Farhan Mehboob

Personal information
- Born: 23 October 1988 (age 37) Peshawar, Pakistan
- Height: 1.64 m (5 ft 5 in)
- Weight: 60 kg (132 lb)

Sport
- Country: Pakistan
- Handedness: Left Handed
- Turned pro: 2003
- Retired: Active
- Racquet used: Tecnifibre

Men's singles
- Highest ranking: No. 16 (May, 2009)
- Current ranking: No. 66 (January 2017)
- Title: 8
- Tour final: 13

Medal record
Men's squash
Representing Pakistan
Asian Games
| Gold medal – first place | 2010 Guangzhou | Team |
South Asian Games
| Gold medal – first place | 2019 Nepal | Team |
| Bronze medal – third place | 2019 Nepal | Singles |

= Farhan Mehboob =

Pakistani squash player (born 1988)

Farhan Mehboob (فرحان محبوب; born 23 October 1988 in Nawa Kalay, Peshawar) is a professional squash player who represented Pakistan.
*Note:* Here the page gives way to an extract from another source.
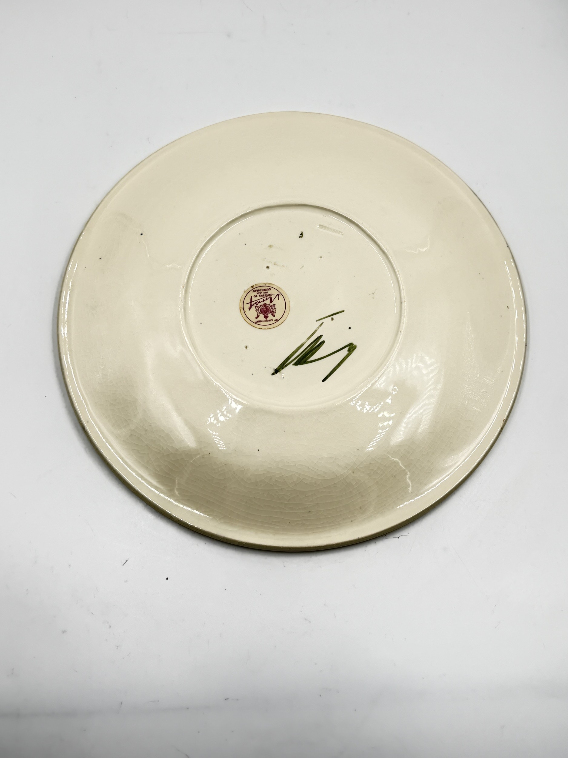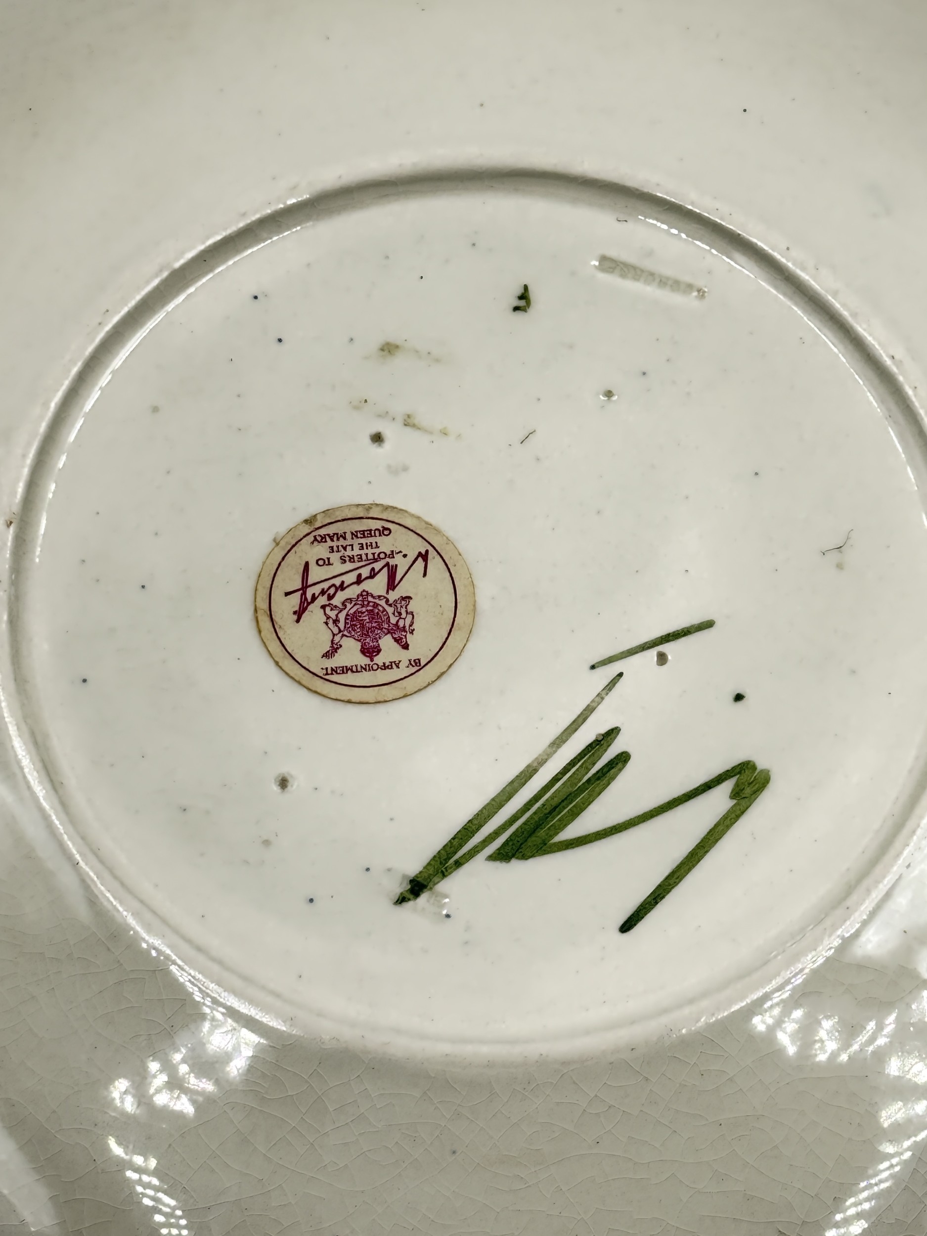 Signs of crazing throughout and one flower has chip/crack to glaze.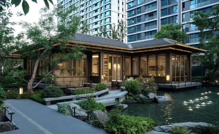 约1.5万㎡现代东方园林,不只是观赏的对象,更是生活的背景。从龙门飞瀑到浮潭茶室,从栖风折廊到下沉水院,每一次归家,都是一次心灵的漫步。

He reached a career-high PSA ranking of World No. 16 in May 2009.

==Family==
Mehboob is coached by his father, Mehboob Khan. He is the nephew of Jansher Khan, the former world No. 1 professional Pakistani squash player.

==Career==
Mehboob was part of the Pakistan's gold medal-winning team at the Asian Games in Guangzhou, China.